WORK INSTRUCTION
After locating the line that contains "Thoughtful asian woman" in the records below, write out exactly that line and each line after it through the one that contains "El sábado 18", and nothing else.

RECORD SET

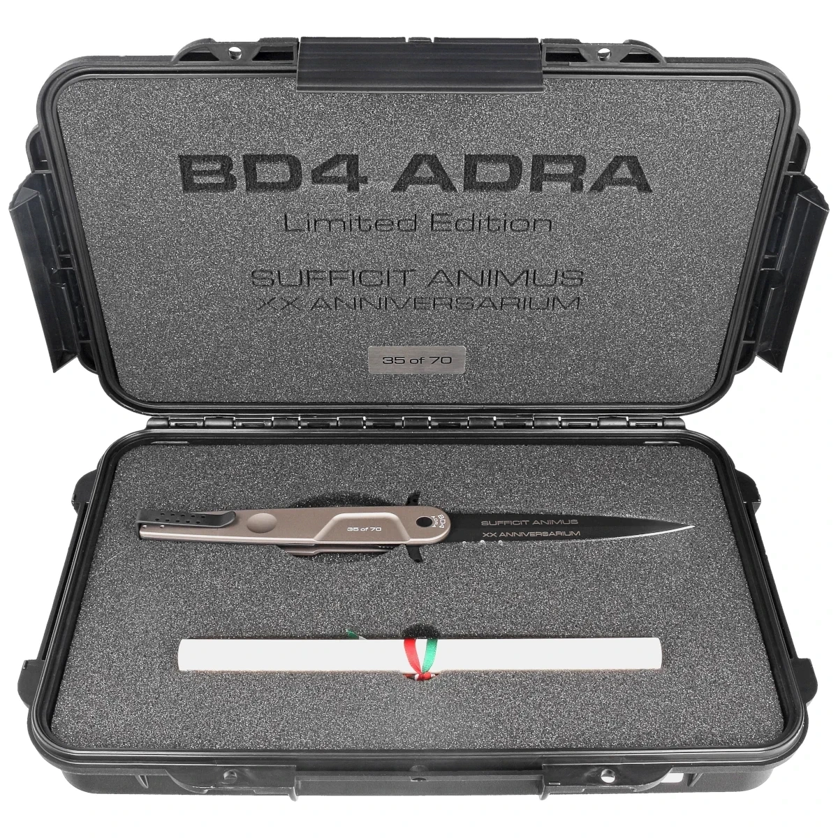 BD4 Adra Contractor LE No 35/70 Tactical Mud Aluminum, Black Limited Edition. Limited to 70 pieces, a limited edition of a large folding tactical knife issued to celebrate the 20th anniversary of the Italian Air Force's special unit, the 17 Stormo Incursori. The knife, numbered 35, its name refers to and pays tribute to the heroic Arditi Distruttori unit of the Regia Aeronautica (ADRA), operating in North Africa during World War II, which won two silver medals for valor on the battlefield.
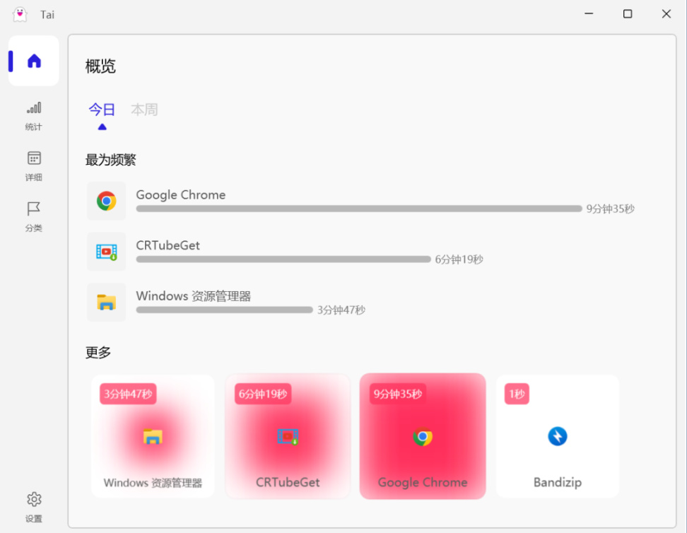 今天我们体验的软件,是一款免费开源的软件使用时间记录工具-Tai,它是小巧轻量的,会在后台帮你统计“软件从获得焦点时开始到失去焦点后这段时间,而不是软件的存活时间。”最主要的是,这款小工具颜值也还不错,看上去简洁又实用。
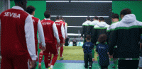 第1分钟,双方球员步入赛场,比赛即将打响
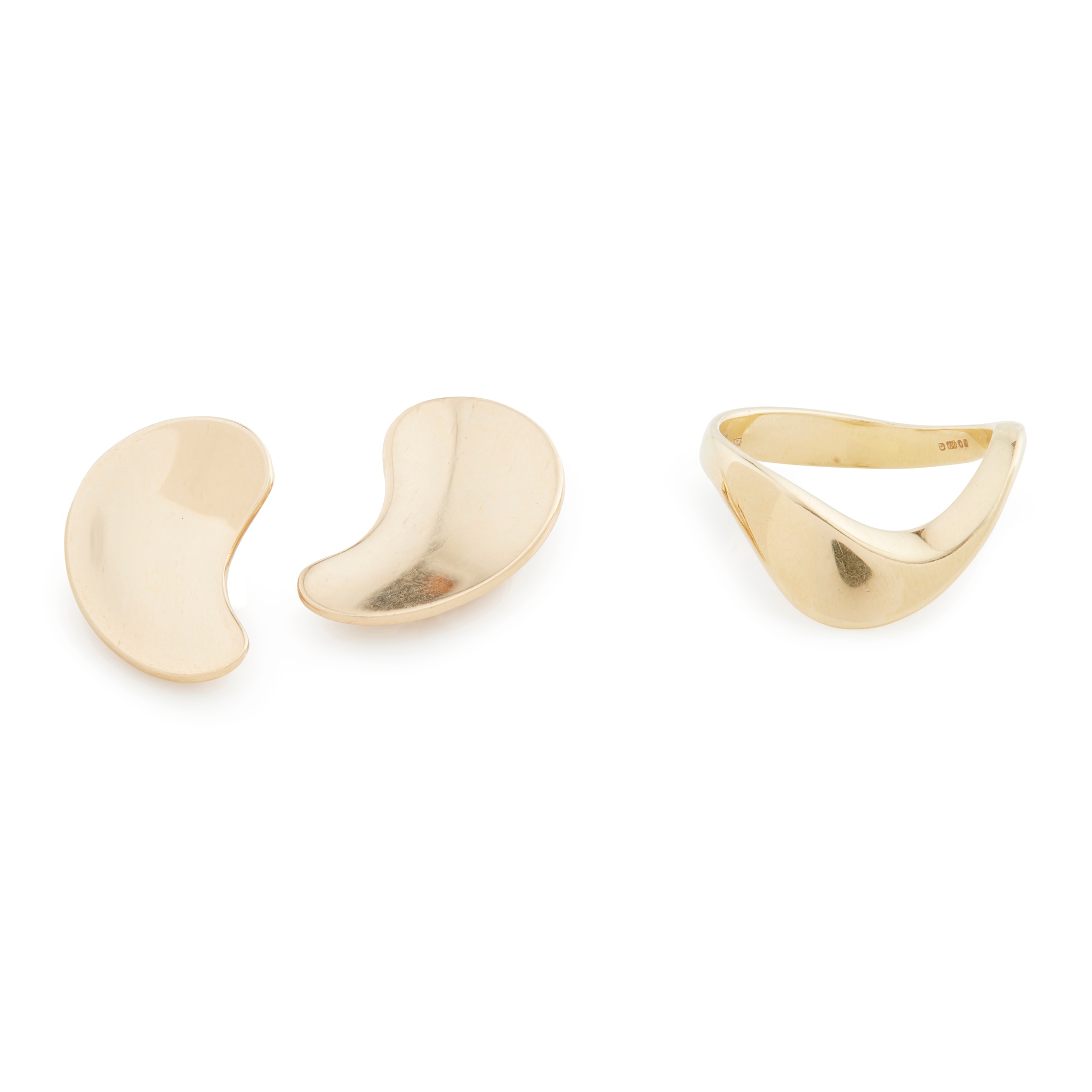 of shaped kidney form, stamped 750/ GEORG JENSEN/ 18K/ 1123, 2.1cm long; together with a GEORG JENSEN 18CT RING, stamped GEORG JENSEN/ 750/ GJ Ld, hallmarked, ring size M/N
==
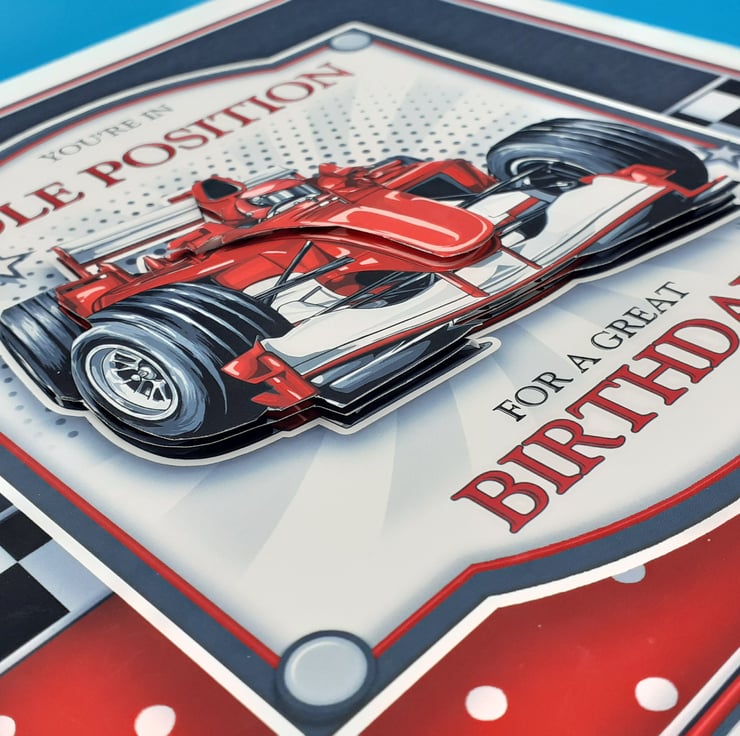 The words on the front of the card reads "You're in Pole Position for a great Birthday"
* * *
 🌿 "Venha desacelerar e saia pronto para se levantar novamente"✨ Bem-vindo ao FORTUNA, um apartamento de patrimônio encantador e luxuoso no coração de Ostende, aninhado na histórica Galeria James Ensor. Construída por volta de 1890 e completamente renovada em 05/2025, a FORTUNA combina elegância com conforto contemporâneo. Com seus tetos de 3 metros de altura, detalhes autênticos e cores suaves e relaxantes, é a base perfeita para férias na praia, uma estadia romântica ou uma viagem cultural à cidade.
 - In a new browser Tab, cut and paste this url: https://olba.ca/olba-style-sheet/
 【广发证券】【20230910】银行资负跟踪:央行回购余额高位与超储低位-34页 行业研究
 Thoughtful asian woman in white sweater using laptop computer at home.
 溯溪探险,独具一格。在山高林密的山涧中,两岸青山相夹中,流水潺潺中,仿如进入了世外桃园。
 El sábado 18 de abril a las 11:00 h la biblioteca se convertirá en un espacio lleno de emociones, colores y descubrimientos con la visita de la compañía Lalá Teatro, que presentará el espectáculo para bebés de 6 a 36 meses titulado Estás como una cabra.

SOLUTION TO THE PROBLEM
 Thoughtful asian woman in white sweater using laptop computer at home.
 溯溪探险,独具一格。在山高林密的山涧中,两岸青山相夹中,流水潺潺中,仿如进入了世外桃园。
 El sábado 18 de abril a las 11:00 h la biblioteca se convertirá en un espacio lleno de emociones, colores y descubrimientos con la visita de la compañía Lalá Teatro, que presentará el espectáculo para bebés de 6 a 36 meses titulado Estás como una cabra.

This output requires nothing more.